■ WHAT TO DO
Take the line that contains "碎银子圈圈耳环女秋冬小众设计感轻奢高级耳钉2023新爆款潮耳饰品" and every line below it to the end of the entries, and give them again exactly, leaving out any pictures.

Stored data
---+---
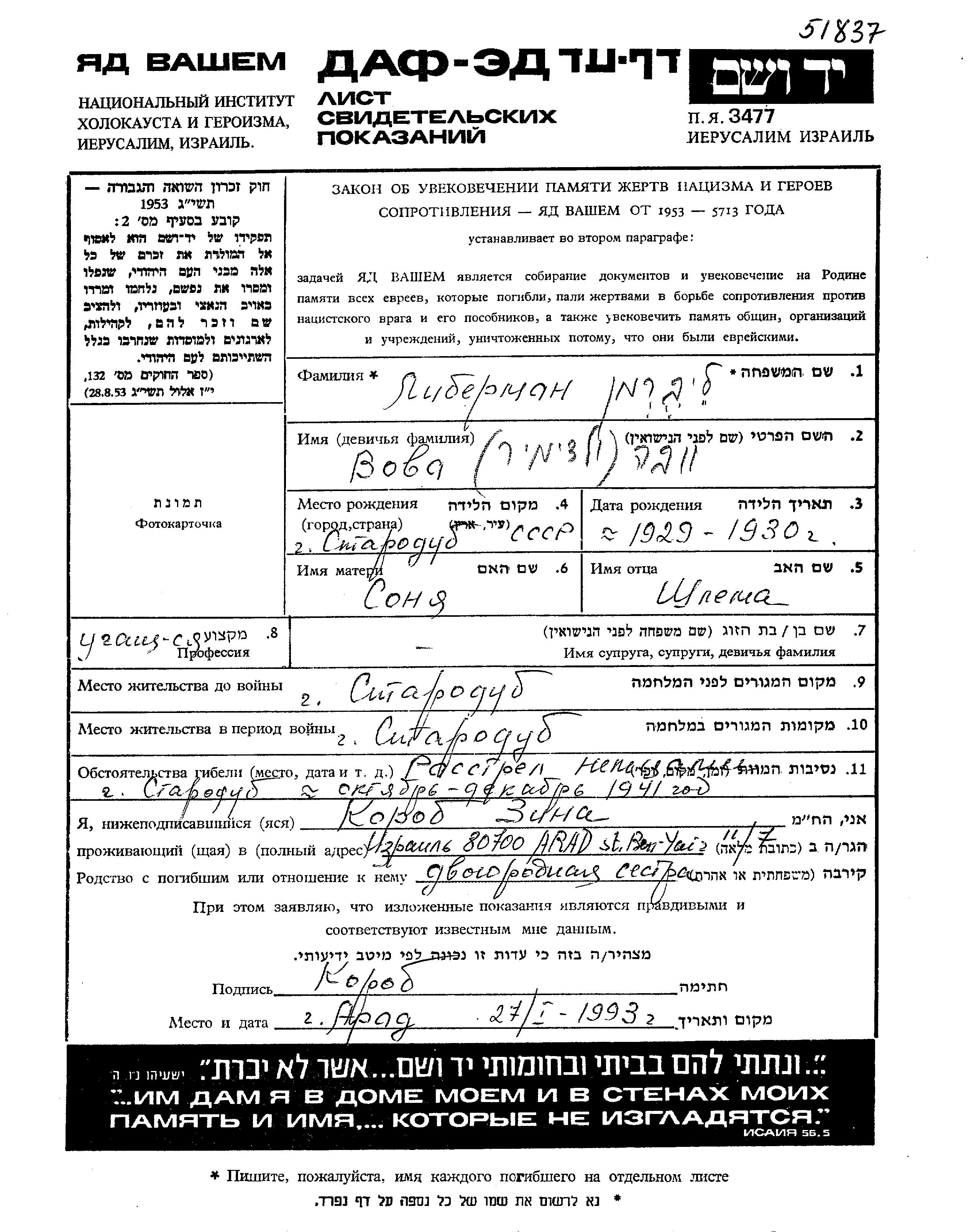 Vova wurde in der Schoah ermordet. Todesort: Starodub, Russland (UdSSR) im Jahr 1941.
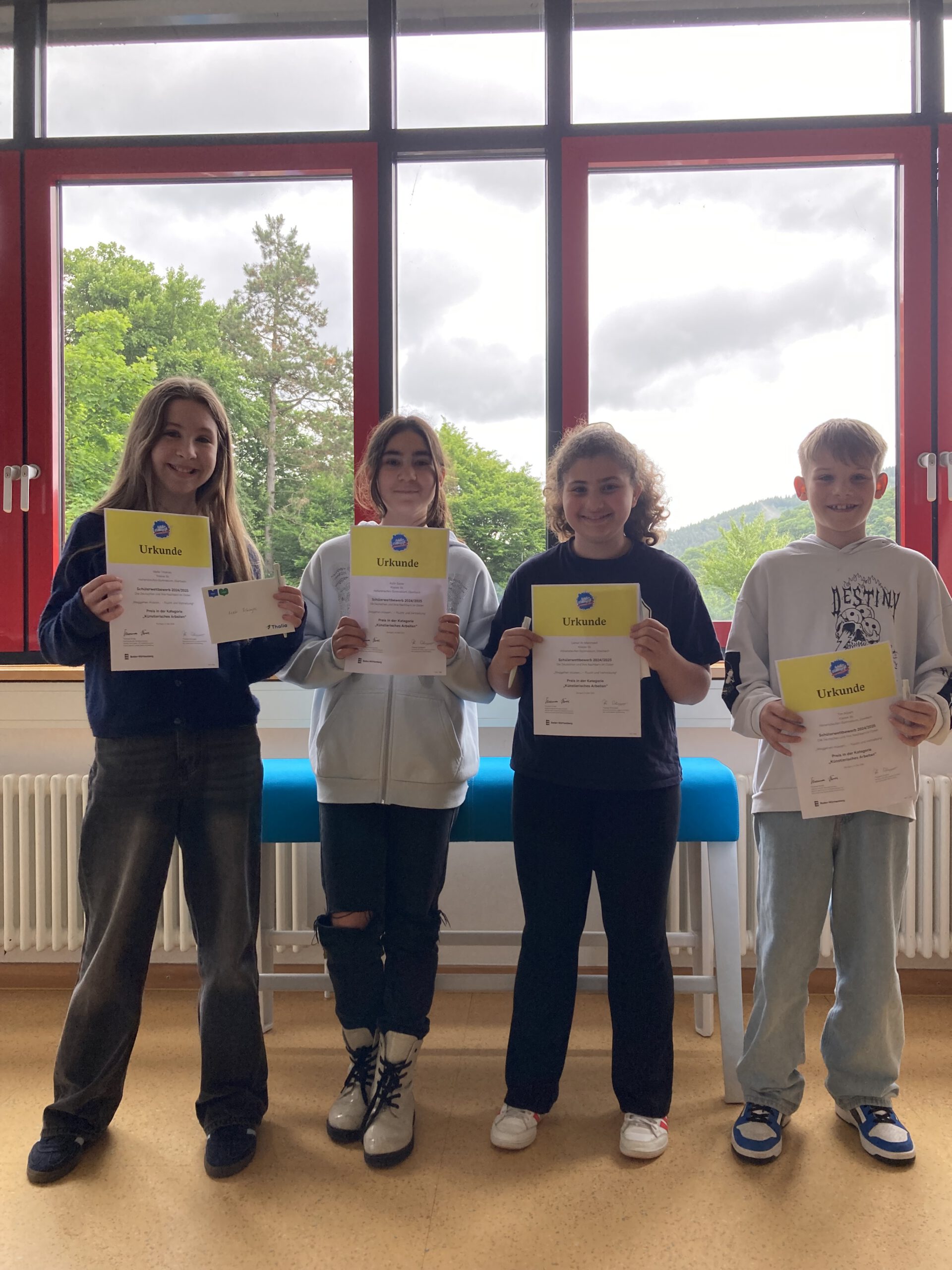 Beim Europäischen Wettbewerb, einem der größten gestalterischen Wettbewerbe weltweit, an welchem dieses Mal über 74000 Jugendliche teilgenommen haben, hat sich die Klasse 7b mit zwei Bereichen befasst. Beim ersten mit dem Titel „Europa – fantastisch gewachsen“ wurde Europa beispielsweise als schützenswerte Fantasie-Pflanze gezeigt, die gleichzeitig für die Vielfalt und Freiheit der Länder Europas steht. Beim zweiten Themenbereich „In Europa unterwegs“ stellten die Bilder eine individuelle Entdeckungsreise durch Orte Europas dar, die die Faszination an verschiedenen Routen, Sehenswürdigkeiten und Begegnungen aufzeigen soll.
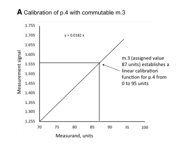 3.3下面C图中,m.4的浓度是83,用p.5制造商常设测量程序测试得出的信号值是1.505。使用m.4和p.5做的校准曲线,其斜率(0.0179)与使用m.3和p.4做的校准曲线的斜率(0.0182)是不一样的,因为p.4和p.5是相同IVD-MD的不同实例。由于p.4和p.5是相同的IVD产品,因此它们受m.4不互换造成的影响程度是一样的。因此,p.5的校准曲线(当用m.4校准时)正确地反映了从可互换的m.3传递到m.4的测量值,并且p.5的线性校准曲线在计量学上可溯源到具有互换性的m.3。
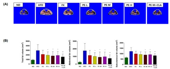 (A) Micro computed tomography (CT) analysis, (B) total, abdominal, and subcutaneous fat volumes. The groups are abbreviated as: Normal diet (ND); high-fat diet (HFD); fucoxanthin (FX), HFD + FX 0.1 mg/kg/day; PE-L, HFD + PE 0.81 mg/kg/day; PE-M, HFD + PE 1.62 mg/kg/day; PE-H, HFD + PE 3.25 mg/kg/day; PE-M + CLA, HFD + PE 1.62 mg/kg/day plus CLA 410 mg/kg/day. ***/**/* indicate significant differences at p < 0.001/p < 0.01/p < 0.05 levels compared to the HFD group. Values are shown as the mean ± SD (n = 10 per group).
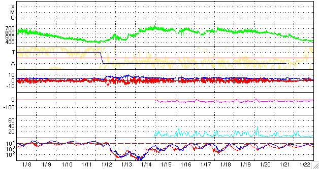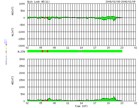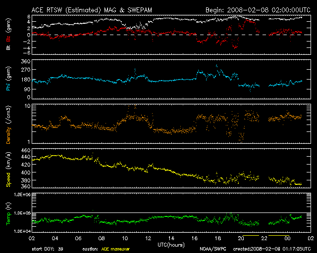 2008/ 2/ 9 10:17 更新 太陽風は速度380km/秒で穏やかです。これから高速太陽風がやってきます。 担当 篠原 もうすぐ、高速の太陽風が地球にやって来ます。 その発生源であるコロナホールが、太陽の中心に大きく広がっています。 今日はちょっと気分を変えて、ひとつ大きなサイズのEIT195写真を掲載しましょう。 こちらのサイズにすると、コロナホールの迫力が一段と増します。 赤道から南側に寄って、緩いカーブを描きながらコロナホールが広がっています。 今、ここから地球に向かって、速度の高い太陽風が噴き出しているのです。 コロナホールの先頭(右端)が、太陽の中心線と西の端の中間くらいに達しています。 この辺りが、高速風の開始を知る目安の位置です。 高速風の先頭が、そろそろ地球へ達する頃です。 このコロナホールは東西に長く伸びているので、 地球に高速風がやってくる期間も長くなります。 前周期は9日間にわたって500km/秒を超える風が続きました。 今周期も元気よく風がやってきそうです。 SOHOの写真では、南極(下の端)にも大きなコロナホールが見えています。 ここからも高速の太陽風が噴き出していますが、 噴き出す方向が地球から大きくずれていますので、私たちに影響はありません。 現在の太陽風は、速度380km/秒、磁場強度5nTと通常の状態です。 まだ、高速風到来の気配は見えていません。 この後、密度(ACEの橙色線)の増加、磁場強度(白線)の増加などが見られるはずです。 それに続いて、速度(黄色線)の上昇が始まります。 高速風の前半は、オーロラが強まる可能性が大きいのも特徴です。 この連休は、ライブカメラにも目を向けてください。 現在の磁気圏はとても穏やかです。 放射線帯は、現在は1,000のレベルです。 高速風の到来後は、変化に注意してください。 太陽は黒点は見られず、とても穏やかです。 SOHO EIT195による、太陽コロナの様子。中央部にコロナホールが複雑に広がっています。 (c) SOHO (ESA & NASA) ![]() ACEが観測した太陽風の磁場(1番上の枠、白線は全体の強度、赤線は南北成分) および、太陽風の密度(3番目の橙線)、速度(4番目の黄線) (c) NOAA/SWPC ![]() リアルタイムAE指数 下段のAEグラフの値が高くなると、オーロラ活動が活発化しています。 (c) 京都大学, NICT ![]() シベリアで観測された3日間の磁場データ 右側の3分の1が、昨日のデータになります。グラフが上がったり下がったりすると、オーロラ活動が活発化しています。 (c) NICT ![]() 27日の太陽周期に合わせたデータプロット 太陽が同じ面を地球に向けていた27日前の変化から、今後を予想することができます。 (c) NICT
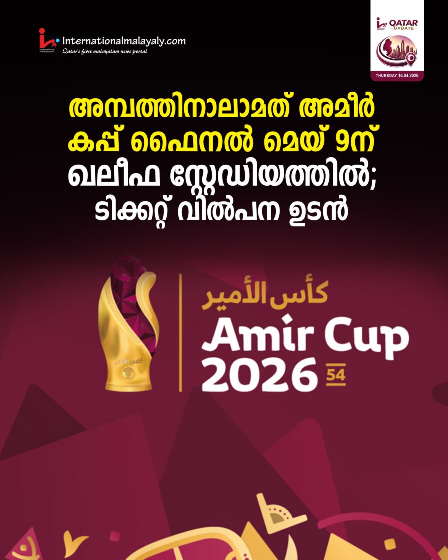 കാല്പന്തുകളിയുടെ ഖത്തറിലെ ഏറ്റവും വലിയ വാര്ഷിക മത്സരമായ അമ്പത്തിനാലാമത് അമീര് കപ്പ് ഫൈനല് മെയ് 9ന് ഖലീഫ സ്റ്റേഡിയത്തില് നടക്കും. ടിക്കറ്റ് ഓണ്ലൈന് വില്പന മെയ് 2ന് ആരംഭിക്കുമെന്ന് ഖത്തര് ഫുട്ബോള് അസോസിയേഷന് അറിയിച്ചു.
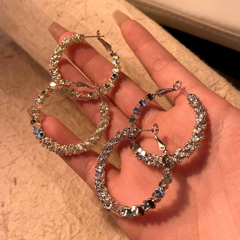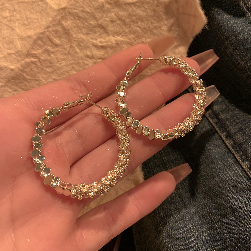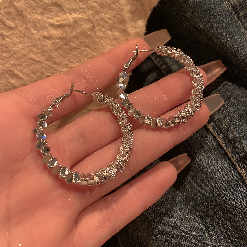 碎银子圈圈耳环女秋冬小众设计感轻奢高级耳钉2023新爆款潮耳饰品
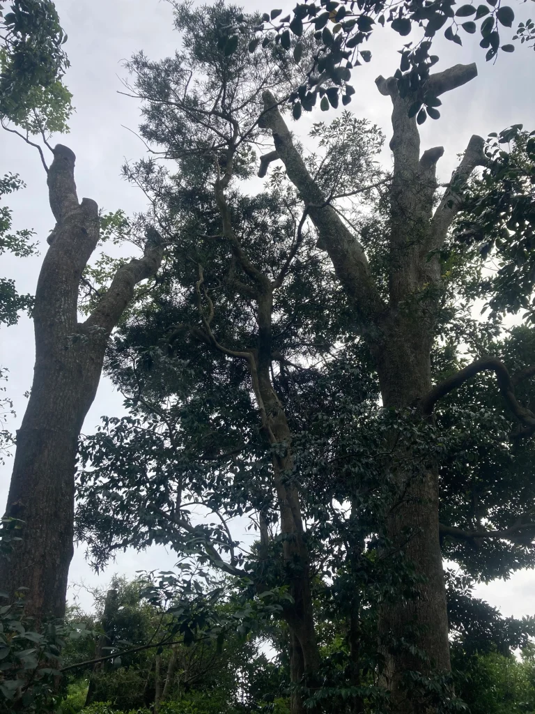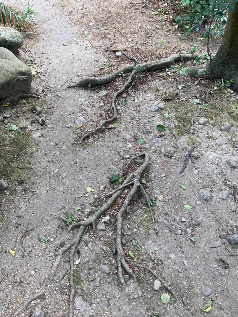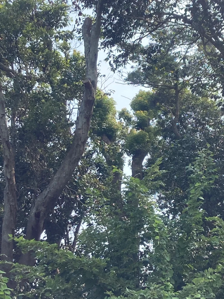 そんな屋敷林も段々と背丈が高くなり、周辺住民からの不安も増してきているということで、全体的に背丈を1/3ほど低くし、杜に差し込む光を調整することで大木の幹の下の方から生えてくる萌芽を促し、杜全体の重心が低くなるように仕立てることに。それによって強風によるあおりに強く、どっしりとした杜の姿に整えて、周辺住民の不安も解消していけるよう取り組ませて頂きました。下見をした当日はかなりの強風で、この杜がどのように風を受けるのか観察するには絶好の天気でした。風に吹かれている間、杜の木々は見事に一体となって大風をちらし、林内を洗い流すかのような適度な風を通し、大風の力を味方につけて林内を活性化していました。根が揺らぐ様な風の受け方はしておらず、大地にがっしりと一丸となって根を張っています。ただ、林内はだいぶ蚊が多くなってきており、もう少し光と風を通してあげたいという状況になってきておりました。
---+---
■ RESULT FOR THIS TASK
 碎银子圈圈耳环女秋冬小众设计感轻奢高级耳钉2023新爆款潮耳饰品
 そんな屋敷林も段々と背丈が高くなり、周辺住民からの不安も増してきているということで、全体的に背丈を1/3ほど低くし、杜に差し込む光を調整することで大木の幹の下の方から生えてくる萌芽を促し、杜全体の重心が低くなるように仕立てることに。それによって強風によるあおりに強く、どっしりとした杜の姿に整えて、周辺住民の不安も解消していけるよう取り組ませて頂きました。下見をした当日はかなりの強風で、この杜がどのように風を受けるのか観察するには絶好の天気でした。風に吹かれている間、杜の木々は見事に一体となって大風をちらし、林内を洗い流すかのような適度な風を通し、大風の力を味方につけて林内を活性化していました。根が揺らぐ様な風の受け方はしておらず、大地にがっしりと一丸となって根を張っています。ただ、林内はだいぶ蚊が多くなってきており、もう少し光と風を通してあげたいという状況になってきておりました。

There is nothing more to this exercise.